Ruthless People is a 1986 American black comedy film directed by David Zucker, Jim Abrahams, and Jerry Zucker and written by Dale Launer. It stars Danny DeVito, Bette Midler, Judge Reinhold, Anita Morris, and Helen Slater, with Bill Pullman in a supporting role in his film debut. The film is the story of a couple who kidnap their ex-boss's wife to get revenge and extort money from him. They soon realize he does not want her back and was planning to kill her himself.  Meanwhile, the boss's mistress plans a blackmail attempt on him which also fails to go as planned.

This was the last film released under the Touchstone Films name before it was renamed to Touchstone Pictures by Disney.

Plot
Beverly Hills fashion tycoon Sam Stone despises his wife, Barbara, having married her for her family wealth, and plans to murder her so he can inherit her $15million fortune and retire with his mistress Carol Dodsworth. He returns home armed with chloroform but finds Barbara is missing and receives a call from her abductor, demanding $500,000 for her return and threatening to kill her if the police or media are involved. Hoping to get Barbara killed, Sam deliberately ignores the demands.

The abductors, Ken and Sandy Kessler, are a lower-class couple targeting Sam because he built his business using the Kesslers' life savings and fashion designs he stole from Sandy. They detain Barbara in their basement but she proves difficult to control, and Sandy feels guilty about their actions. Intending to financially blackmail Sam, Carol sends her lover Earl Mott to film Sam at the cliff from which he intended to dispose of Barbara, but, unaware of Sam's appearance, Earl unwittingly films a man having sex with a prostitute, mistaking her screams for Barbara dying. Without watching the tape, Carol forwards a copy to Sam who assumes it is a seductive birthday present, and she interprets his lewd response as a threat, causing her and Earl to go into hiding.

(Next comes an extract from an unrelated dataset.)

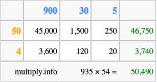 Finally, we add up all the sums we found in step 3 to get our final answer to 935 times 54.
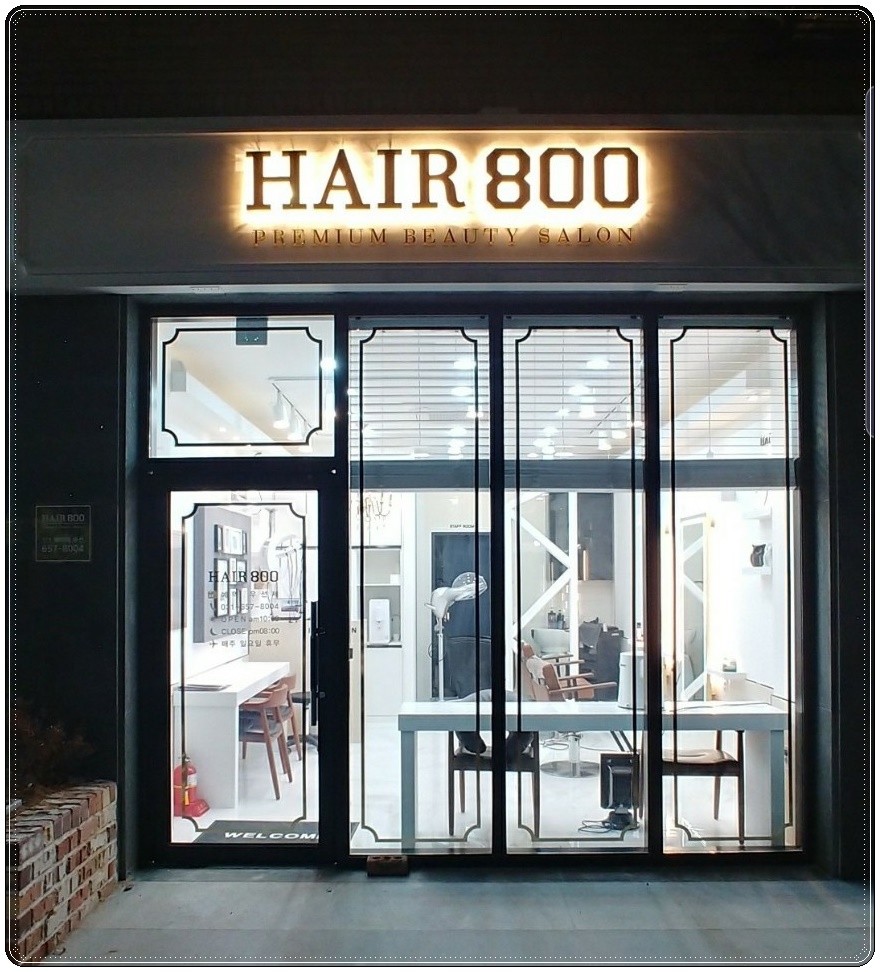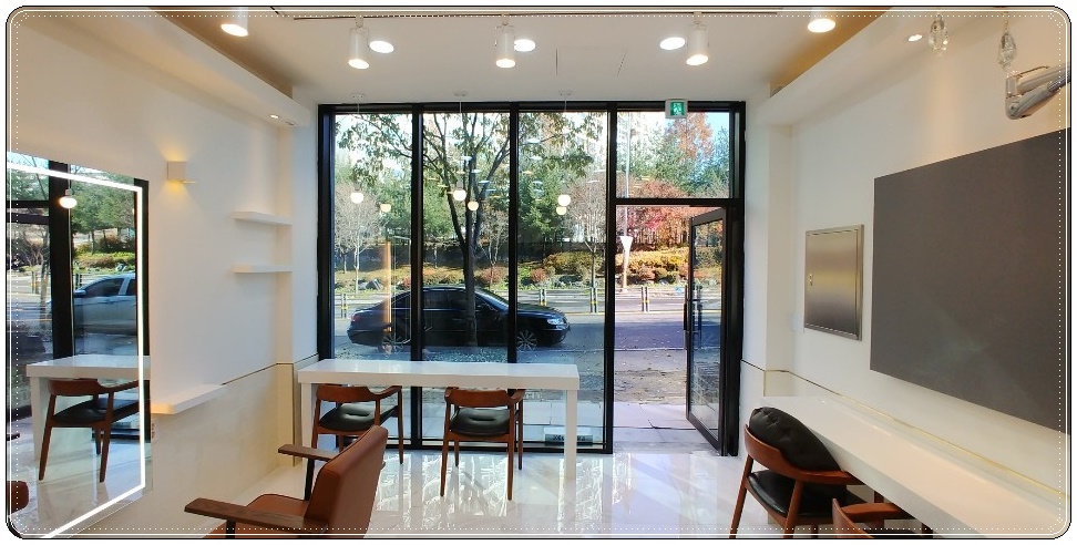 통유리에 블랙 프레임을 더하여 입구 공간을 완성해 드렸습니다. 밖에 보이는 자연 풍경이 심플 모던한 잠실 여의도 운정 미용실인테리어, 클래식 모던한 스타일 연출 및 공사비 합리적이게 진행한 현장을 내추럴하게 만들어 주고 있습니다.

Bored and overweight, Barbara begins following television exercise programs. She is eventually overjoyed to realize she has lost  and bonds with Sandy after being impressed by her fashion ideas and dress designs, in which she now can fit. Meanwhile, Ken repeatedly drops the ransom price, eventually reaching $10,000, but Sam refuses to pay and encourages Ken to kill Barbara. Although Ken is confronted as a suspect because of tire tracks at the Stone residence, the investigation is redirected when Carol, hoping to incriminate Sam, sends another copy of the tape to police chief Henry Benton, unaware he is the man on the tape. Assuming he is being blackmailed, Benton has Sam investigated and arrested following the discovery of the chloroform and photos of him with Carol.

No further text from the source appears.